Ok. Honestly, I am new to this whole cooking thing if you think about it. I only really started cooking January 2011. Most of the recipes I make, I end up liking (because I pick recipes that sound good to me). However, I occasionally make recipes that are complete fails… like the beer soup I mentioned in the last post, it was just not good to put it nicely. But every once in a while I stumble onto a recipe that is a game changer.
This roasted cauliflower and aged white cheddar soup was insanely good. It is my favorite recipe of 2012 so far. I can’t even describe to you how much I ended up loving this soup. Sam enjoyed it too. During dinner he would just go “Mmm…. (long pause) Mmmm…” I also want to mention that this was the first time I have ever had cauliflower, and after I roasted the cauliflower in some olive oil, salt and pepper… I almost ate the whole batch just by itself before it even made it into the soup. I might have found a new favorite vegetable in the process of making this soup. Good things happened when this soup was made… and I believe these good things can happen to you too.
Here are the beloved ingredients…
The first thing I did was prep my ingredients, such as, chop up my thyme, chop my onion, grate my cheese, and cut my cauliflower into florets. “Cut your cauliflower into florets?” you say? Ya, I was a little unsure about this (ok, don’t make fun all you cauliflower pros) before I started so I went to you tube. This video did a good job explaining it.
So the first thing I did after prep was toss my cauliflower florets in some olive oil, salt and pepper and roasted them in the oven for about 25 minutes at 400 degrees F. This alone was so tasty. SO TASTY.
Then I sauteed my onions in my soup pot for about 6 minutes.
After this I added my garlic and thyme and cooked that for about a minute.
Next I added in my vegetable broth and cauliflower florets, brought it to a boil, and then let the mixture simmer for about 20 minutes with the lid on.
Once this was done I pureed the soup with my hand blender (my favorite new kitchen tool!), I added in the cheese until it was melted, and then I added in my heavy cream. Make sure you taste your soup before serving and add in salt and pepper until you get it to the exact taste that you like. Adding salt and pepper make such a difference… don’t skip this step. Just add a bit at a time and taste and keep adding if you think it needs it. When it tastes like heaven, then stop.
Next, I put some bread in the oven to make it extra crispy… this became the vehicle of getting the soup inside my mouth. yum.

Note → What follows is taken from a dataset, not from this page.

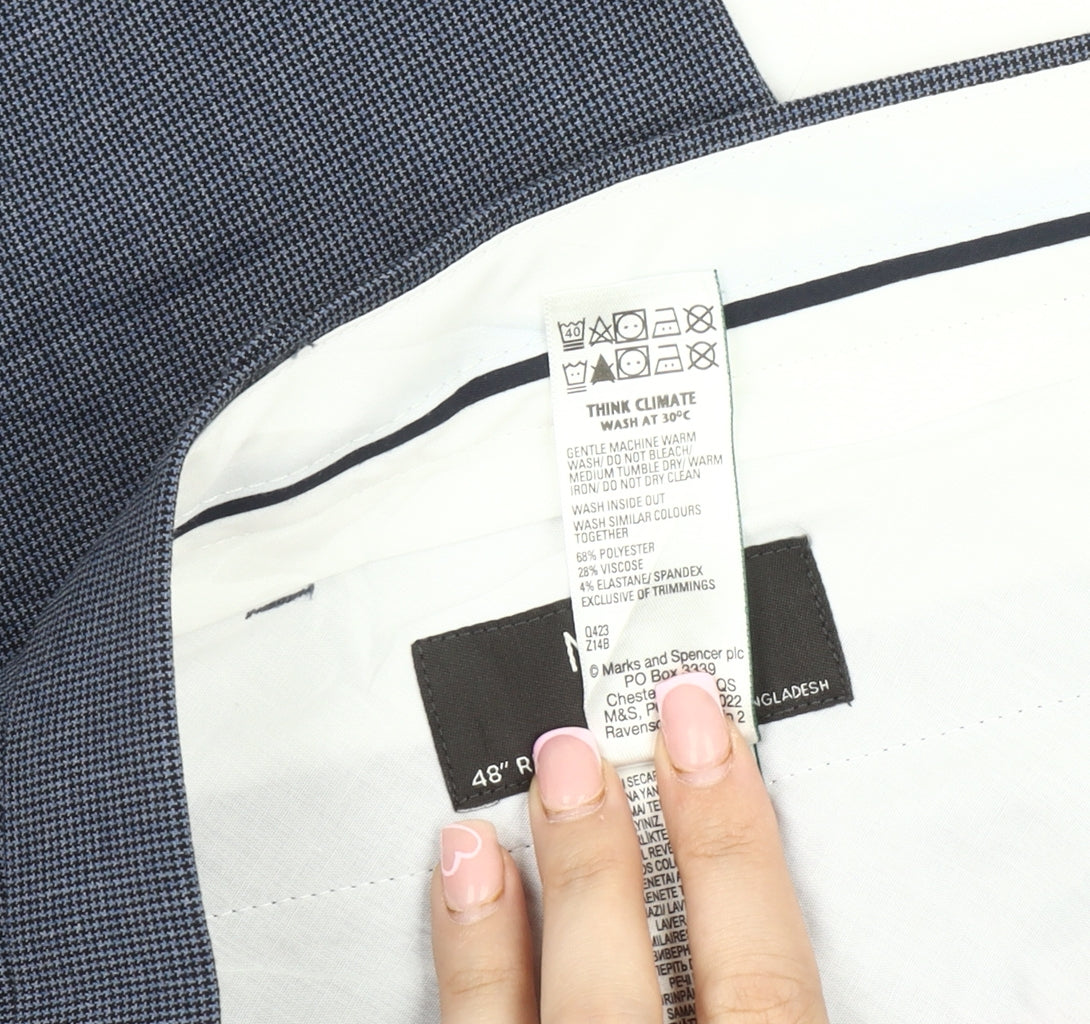 Marks and Spencer Men's Blue Regular Trousers, Size 48

Now I know this soup looks simple and unassuming, but trust me, it’s packed with flavor. Just do me a favor and try it. I got this recipe from a new blog I stumbled upon called Closet Cooking. I am so glad I stumbled onto this recipe. It is life changing.
Roasted Cauliflower and Aged White Cheddar Soup
This serves about 4 people. We just made it last us two meals.
✔1 small head cauliflower, cut into florets
✔2 tablespoons oil
✔salt and pepper to taste
✔1 tablespoon oil
✔1 medium onion, diced
✔2 cloves garlic, chopped
✔1 tablespoon thyme, chopped
✔3 cups vegetable broth
✔1 1/2 cups aged white cheddar, shredded
✔1 cup milk or cream
✔salt and pepper to taste
- Toss the cauliflower florets in the oil along with the salt and pepper and arrange them in a single layer on a large baking sheet.
- Roast the cauliflower in a preheated 400F oven until lightly golden brown, about 20-30 minutes.
- Heat the oil in a large sauce pan over medium heat.
- Add the onion and saute until tender, about 5-7 minutes.
- Add the garlic and thyme and saute until fragrant, about a minute.
- Add the broth and cauliflower, bring to a boil, reduce the heat and simmer, covered, for 20 minutes.
- Puree the soup until it reaches your desired consistency with a stick blender.
- Mix in the cheese, let it melt and season with salt and pepper.
- Mix in the milk and remove from heat.